Assigned task: Pictures are not part of the copy; retype all the records below exactly.

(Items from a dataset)
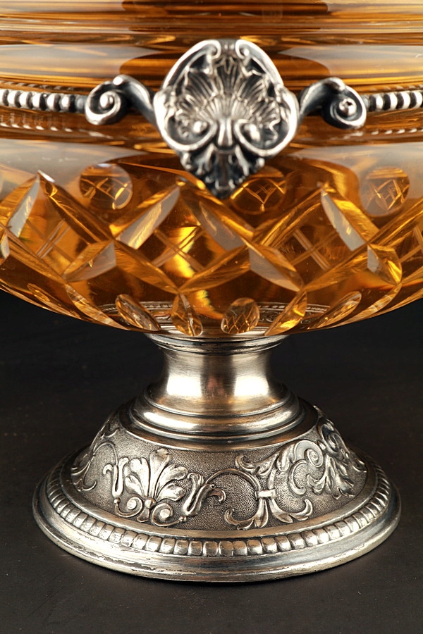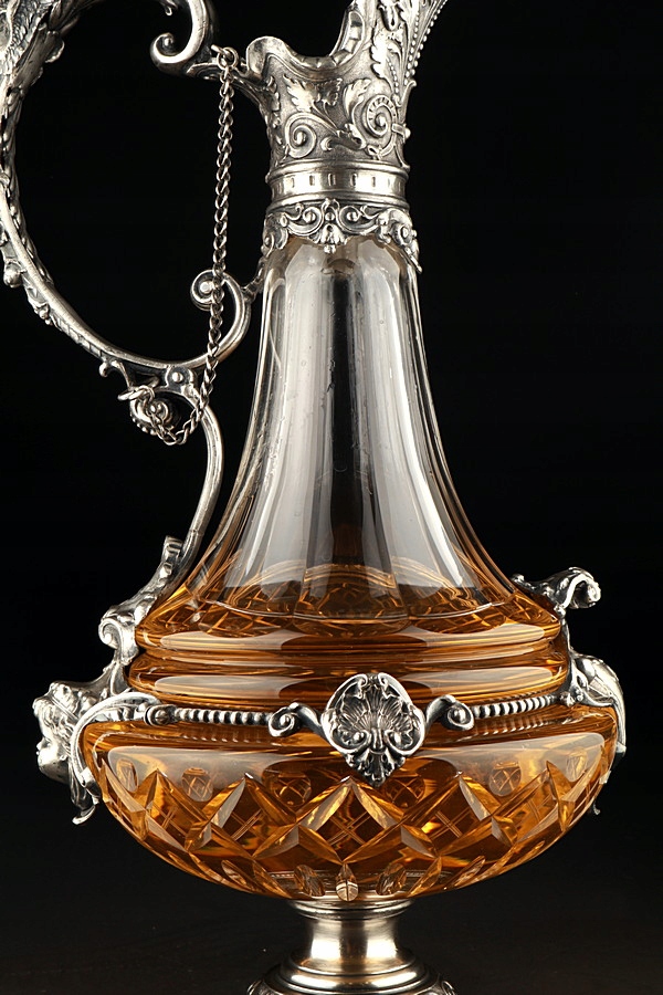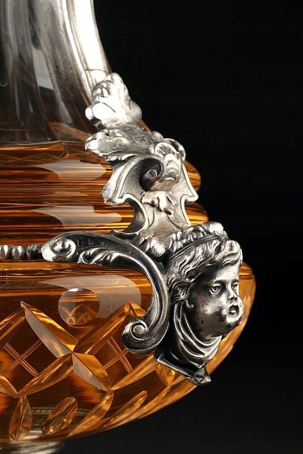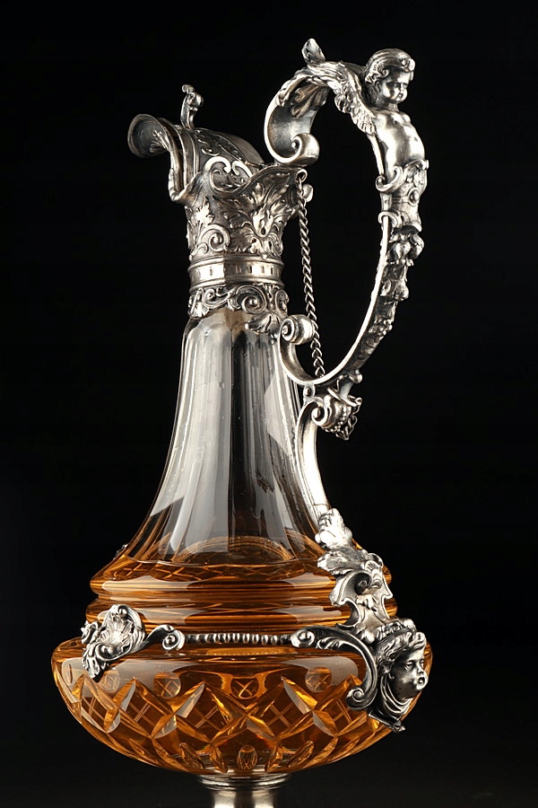 Szkło grube, szlifowane, oprawa posrebrzana.
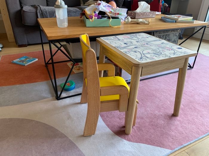 Deux tables d’appoint neuves jamais montées encore dans leur emballage d’origine Revente suite commande reçue en double. Couleur bois dimension grande table: L. 45 x l. 45 x H. 45 cm => peut aussi servir pour petit table pour enfant de 2 ans. dimension petite table: L. 40 x l. 34 x H. 37 cm => peut aussi servir pour petit table pour enfant de 1 an En dernière photo c’est celle que j’ai en double actuellement pour ma petite. Envoi ou sinon à récupérer à mon domicile Paris Montparnasse Pasteur
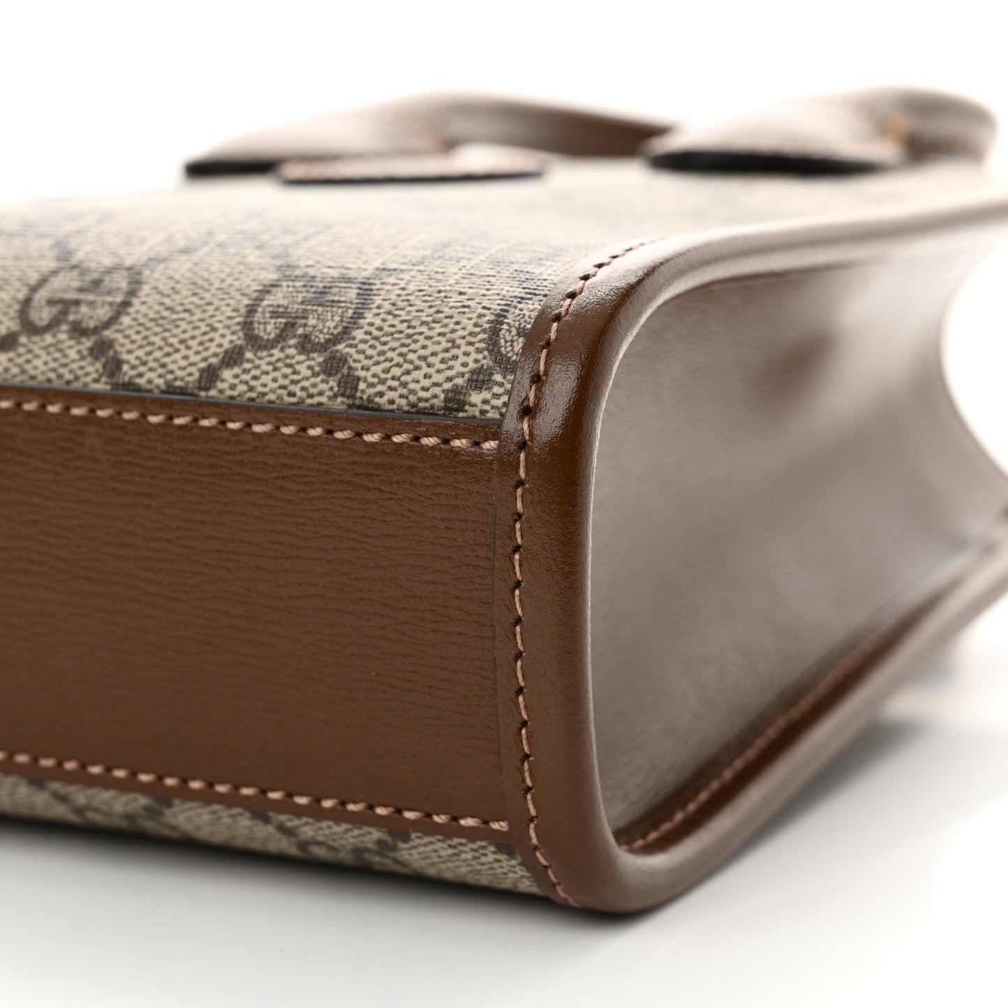 GG Supreme Monogram Azalea Calfskin Mini Retro Interlocking G Tote Bag Beige Ebony Brown Sugar
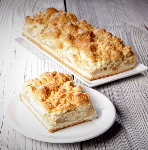 Aus feinporigem Hefeteig, belegt mit saftigen Äpfeln, dekoriert mit Butterstreuseln gebacken.
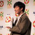 また、この日は吉村美栄子知事より、前に「田中圭」という名前の刺しゅう、背中に雪若丸のロゴがプリントされた赤いつなぎとキャップがプレゼントされた。雪若丸を文字通り“背負う”ことになった田中は「これ着て現場行きます」と喜びを表現。他に、雪若丸の新米一俵もプレゼントされた。
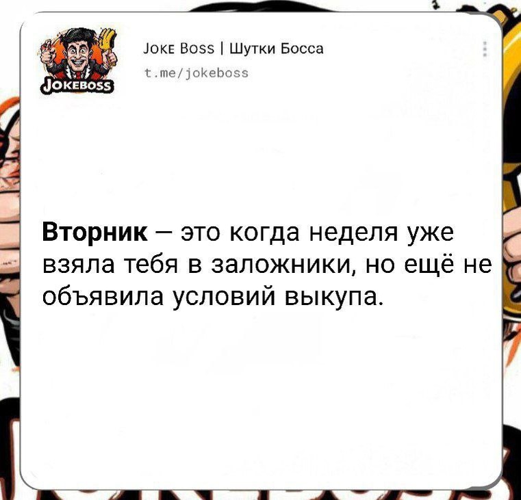 Не первый, не середина, не конец. Просто серая зона между паникой и принятием, где единственное развлечение — считать часы до среды. #Вторник #СераяЗонаНедели #ЗаложникБезВыкупа #юморпроработу #шутки #joke #jokeboss #шуткибосса #суббота #юмор #шутки #joke #jokeboss #шуткибосса
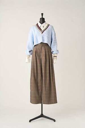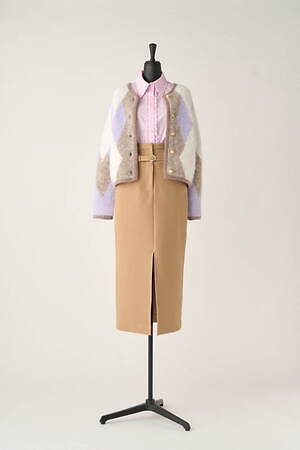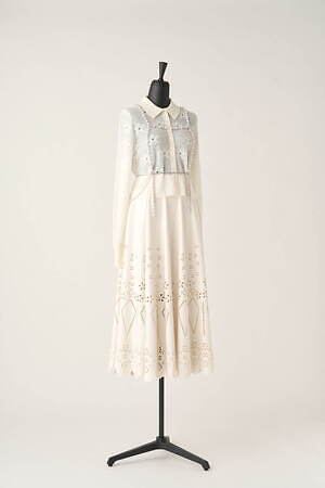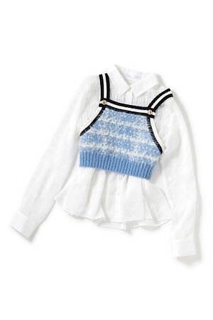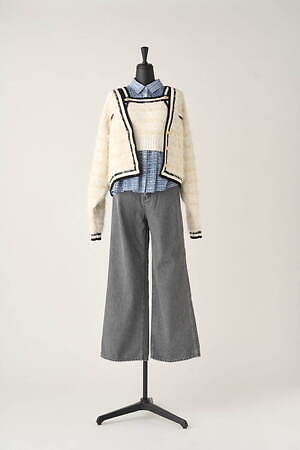 注目は、ニットの編地でミックスツイードを表現したビスチェ。シャツやシアートップスなど、様々なレイヤードスタイルを楽しむことができる。カラーは淡いくすみ色のサックスブルーのほか、あらゆるスタイリングに合わせやすいホワイト、ブラックがラインナップする。
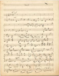 lignes, elle présente une trentaine de mesures barrés au crayon brun. On joint un autre manuscrit autographe pour piano, Andante espressivo, en mi bémol mineur, à 4/4, sans rature ni correction (4 pages in-fol.).
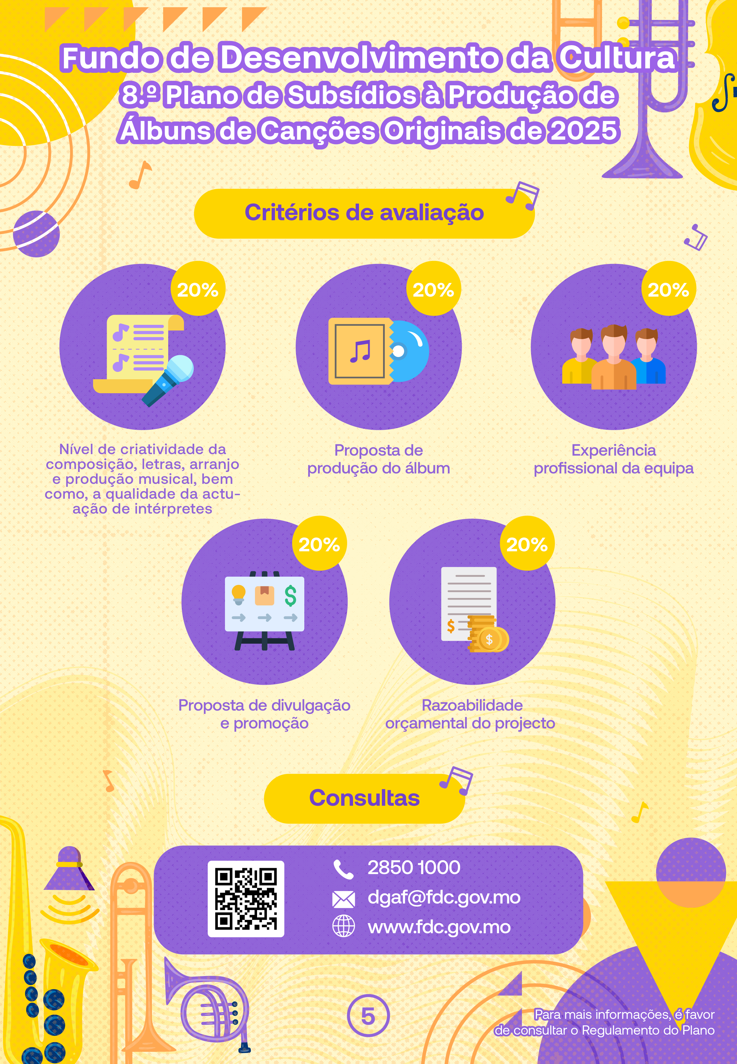 O Fundo de Desenvolvimento da Cultura (FDC) lança o “8.º Plano de Subsídios à Produção de Álbuns de Canções Originais”, com o objectivo de cultivar os talentos musicais locais, impulsionar o desenvolvimento da indústria musical de Macau e proporcionar aos criadores oportunidades para lançarem canções originais, apoiando ainda a acumulação de obras excelentes e a expansão do mercado, através da prestação de apoio financeiro às despesas de produção da canção, design da capa, distribuição e promoção, bem como, fornecimento do aconselhamento profissional.
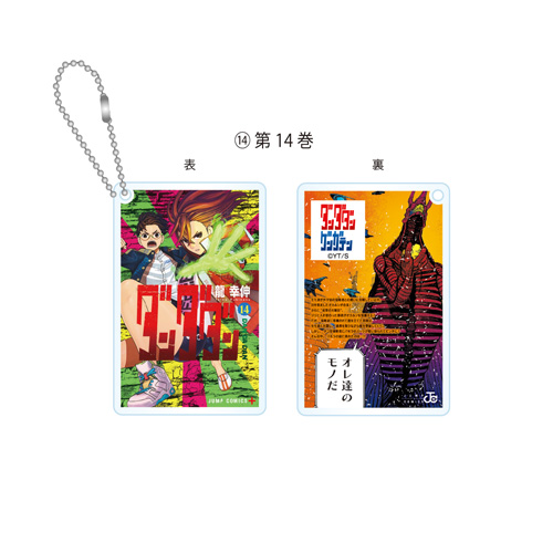 コミック14巻のカバーデザインを表裏プリントしたアクリルキーホルダー。厚みがあり自立可能のため、ボールチェーンを外して飾って楽しむこともできます。

Exercise response:
 Szkło grube, szlifowane, oprawa posrebrzana.
 Deux tables d’appoint neuves jamais montées encore dans leur emballage d’origine Revente suite commande reçue en double. Couleur bois dimension grande table: L. 45 x l. 45 x H. 45 cm => peut aussi servir pour petit table pour enfant de 2 ans. dimension petite table: L. 40 x l. 34 x H. 37 cm => peut aussi servir pour petit table pour enfant de 1 an En dernière photo c’est celle que j’ai en double actuellement pour ma petite. Envoi ou sinon à récupérer à mon domicile Paris Montparnasse Pasteur
 GG Supreme Monogram Azalea Calfskin Mini Retro Interlocking G Tote Bag Beige Ebony Brown Sugar
 Aus feinporigem Hefeteig, belegt mit saftigen Äpfeln, dekoriert mit Butterstreuseln gebacken.
 また、この日は吉村美栄子知事より、前に「田中圭」という名前の刺しゅう、背中に雪若丸のロゴがプリントされた赤いつなぎとキャップがプレゼントされた。雪若丸を文字通り“背負う”ことになった田中は「これ着て現場行きます」と喜びを表現。他に、雪若丸の新米一俵もプレゼントされた。
 Не первый, не середина, не конец. Просто серая зона между паникой и принятием, где единственное развлечение — считать часы до среды. #Вторник #СераяЗонаНедели #ЗаложникБезВыкупа #юморпроработу #шутки #joke #jokeboss #шуткибосса #суббота #юмор #шутки #joke #jokeboss #шуткибосса
 注目は、ニットの編地でミックスツイードを表現したビスチェ。シャツやシアートップスなど、様々なレイヤードスタイルを楽しむことができる。カラーは淡いくすみ色のサックスブルーのほか、あらゆるスタイリングに合わせやすいホワイト、ブラックがラインナップする。
 lignes, elle présente une trentaine de mesures barrés au crayon brun. On joint un autre manuscrit autographe pour piano, Andante espressivo, en mi bémol mineur, à 4/4, sans rature ni correction (4 pages in-fol.).
 O Fundo de Desenvolvimento da Cultura (FDC) lança o “8.º Plano de Subsídios à Produção de Álbuns de Canções Originais”, com o objectivo de cultivar os talentos musicais locais, impulsionar o desenvolvimento da indústria musical de Macau e proporcionar aos criadores oportunidades para lançarem canções originais, apoiando ainda a acumulação de obras excelentes e a expansão do mercado, através da prestação de apoio financeiro às despesas de produção da canção, design da capa, distribuição e promoção, bem como, fornecimento do aconselhamento profissional.
 コミック14巻のカバーデザインを表裏プリントしたアクリルキーホルダー。厚みがあり自立可能のため、ボールチェーンを外して飾って楽しむこともできます。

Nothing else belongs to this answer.